##### Data listing

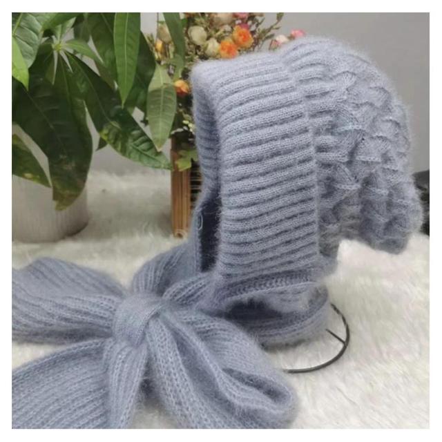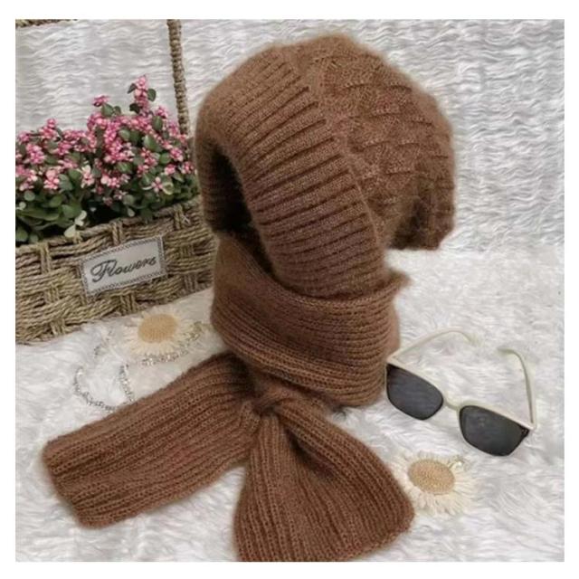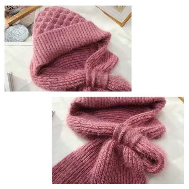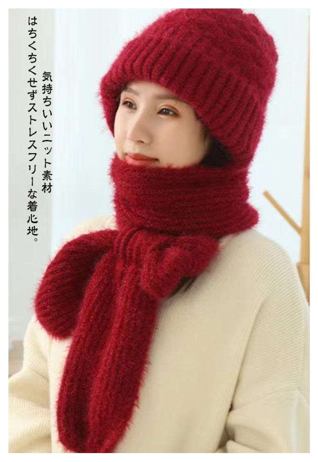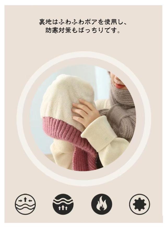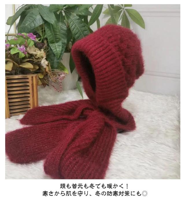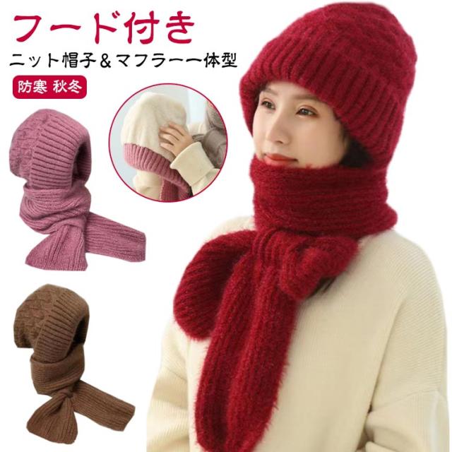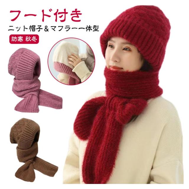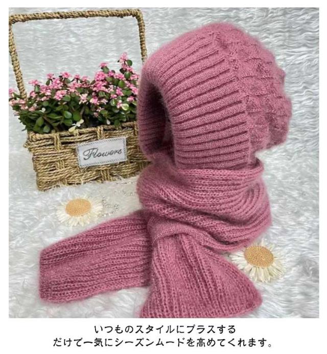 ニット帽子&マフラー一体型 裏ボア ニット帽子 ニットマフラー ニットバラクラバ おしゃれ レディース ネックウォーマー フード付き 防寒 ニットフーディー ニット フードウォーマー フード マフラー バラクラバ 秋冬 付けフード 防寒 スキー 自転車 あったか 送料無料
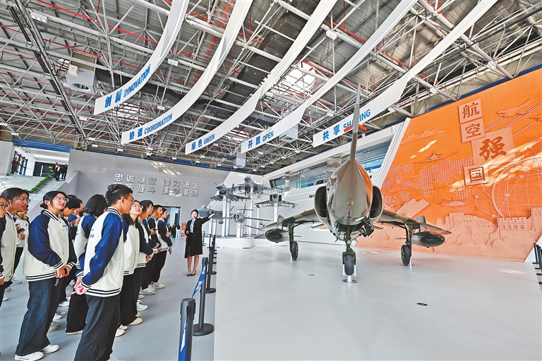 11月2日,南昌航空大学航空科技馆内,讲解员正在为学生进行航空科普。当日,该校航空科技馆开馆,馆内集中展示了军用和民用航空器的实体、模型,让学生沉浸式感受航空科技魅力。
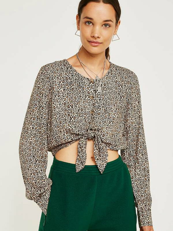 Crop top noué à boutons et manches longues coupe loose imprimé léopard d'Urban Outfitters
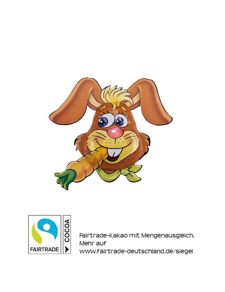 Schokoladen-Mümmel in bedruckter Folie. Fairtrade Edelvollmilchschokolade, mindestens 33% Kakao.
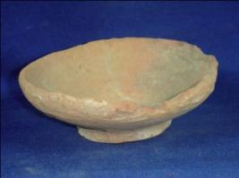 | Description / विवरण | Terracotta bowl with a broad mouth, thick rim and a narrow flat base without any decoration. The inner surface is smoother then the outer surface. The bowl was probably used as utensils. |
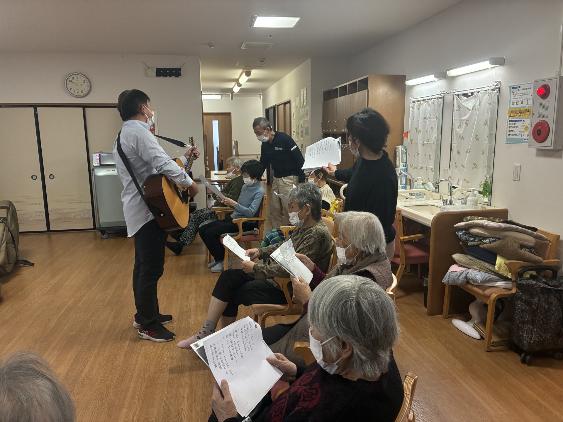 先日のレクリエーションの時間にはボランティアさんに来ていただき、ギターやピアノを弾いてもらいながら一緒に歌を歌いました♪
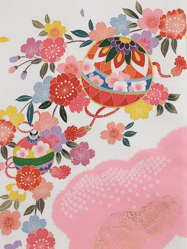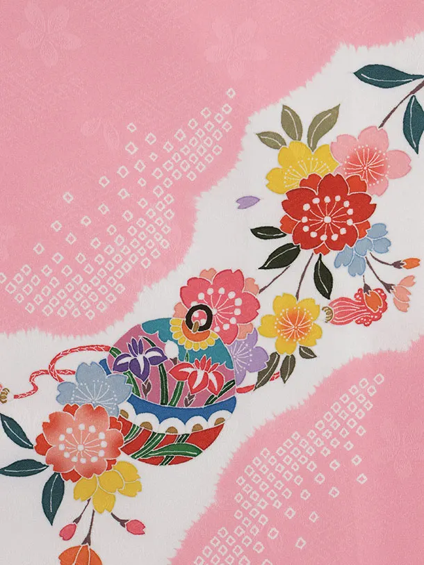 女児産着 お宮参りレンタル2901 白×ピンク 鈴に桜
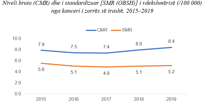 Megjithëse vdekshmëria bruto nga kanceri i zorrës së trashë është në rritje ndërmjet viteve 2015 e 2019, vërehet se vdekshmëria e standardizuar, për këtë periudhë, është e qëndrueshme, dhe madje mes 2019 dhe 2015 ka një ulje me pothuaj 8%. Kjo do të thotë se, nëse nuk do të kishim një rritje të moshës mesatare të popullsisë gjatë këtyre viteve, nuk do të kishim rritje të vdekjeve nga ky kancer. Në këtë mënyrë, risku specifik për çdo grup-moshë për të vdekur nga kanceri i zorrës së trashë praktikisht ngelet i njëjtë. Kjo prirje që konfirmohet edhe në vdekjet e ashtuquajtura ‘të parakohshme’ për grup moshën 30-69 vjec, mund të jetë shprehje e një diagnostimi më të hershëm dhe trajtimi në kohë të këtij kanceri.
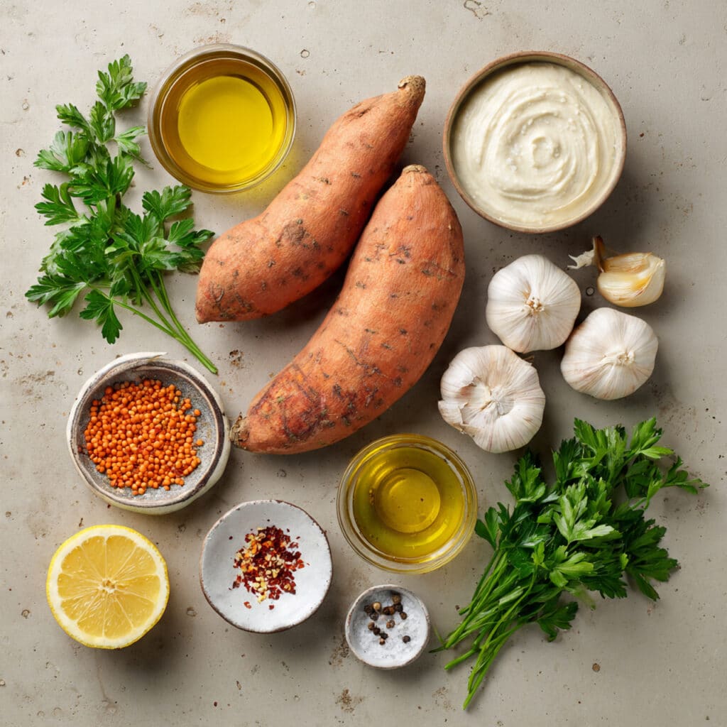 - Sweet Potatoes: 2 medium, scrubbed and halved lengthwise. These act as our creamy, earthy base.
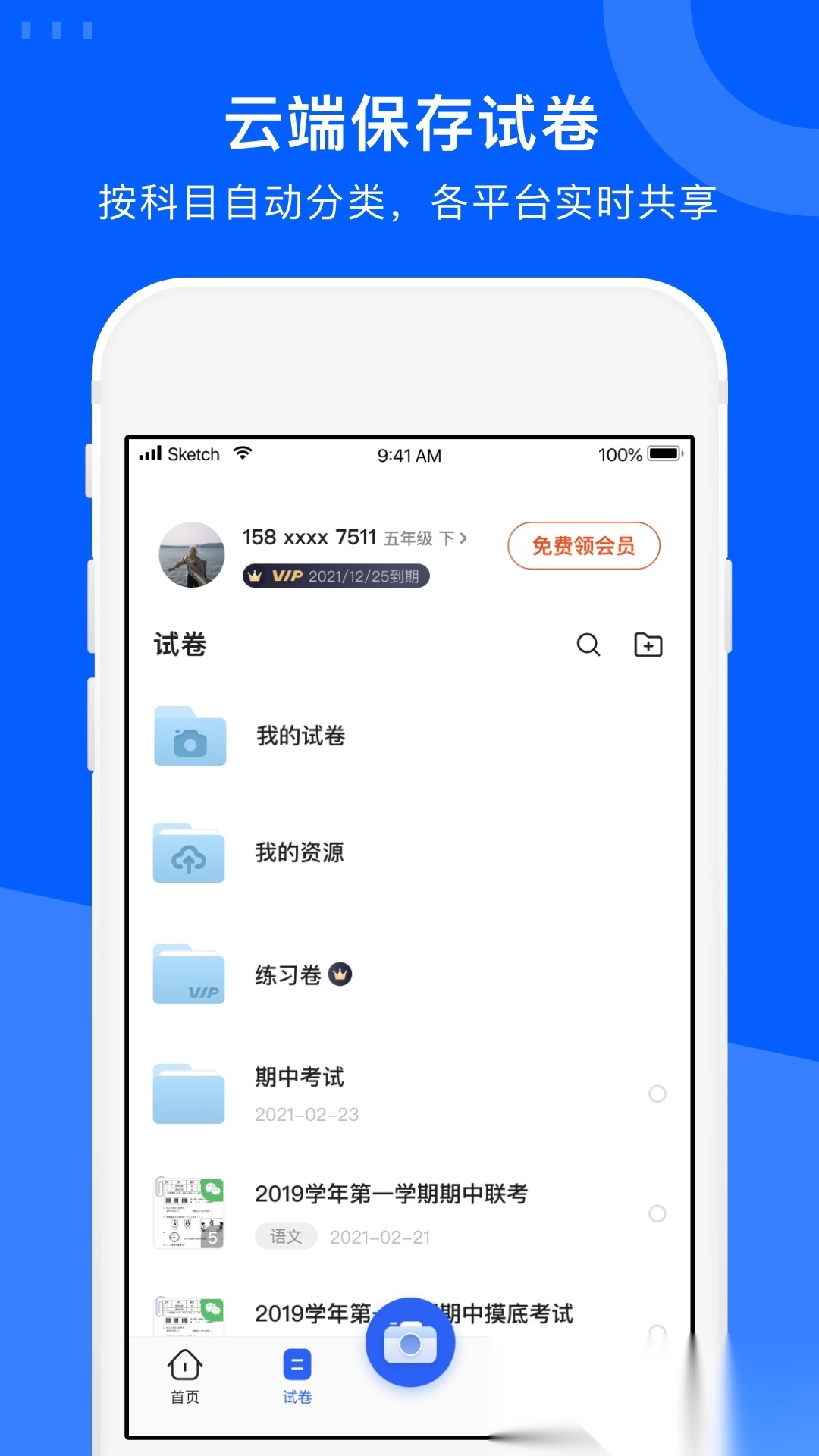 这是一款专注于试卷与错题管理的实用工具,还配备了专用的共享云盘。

##########
##### Data listing

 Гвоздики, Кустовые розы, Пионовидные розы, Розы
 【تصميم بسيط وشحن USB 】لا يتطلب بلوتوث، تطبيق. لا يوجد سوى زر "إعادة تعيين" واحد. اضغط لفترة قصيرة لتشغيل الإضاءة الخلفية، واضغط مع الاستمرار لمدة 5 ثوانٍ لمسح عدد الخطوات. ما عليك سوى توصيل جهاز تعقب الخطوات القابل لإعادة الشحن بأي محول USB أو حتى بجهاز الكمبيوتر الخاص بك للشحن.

##########

Assigned task: Starting at the line containing "Schokoladen-Mümmel in bedruckter" and stopping at the line containing "女児産着 お宮参りレンタル2901 白×ピンク 鈴に桜", output each line exactly as it appears above. Leave out the pictures.

Solution:
 Schokoladen-Mümmel in bedruckter Folie. Fairtrade Edelvollmilchschokolade, mindestens 33% Kakao.
 | Description / विवरण | Terracotta bowl with a broad mouth, thick rim and a narrow flat base without any decoration. The inner surface is smoother then the outer surface. The bowl was probably used as utensils. |
 先日のレクリエーションの時間にはボランティアさんに来ていただき、ギターやピアノを弾いてもらいながら一緒に歌を歌いました♪
 女児産着 お宮参りレンタル2901 白×ピンク 鈴に桜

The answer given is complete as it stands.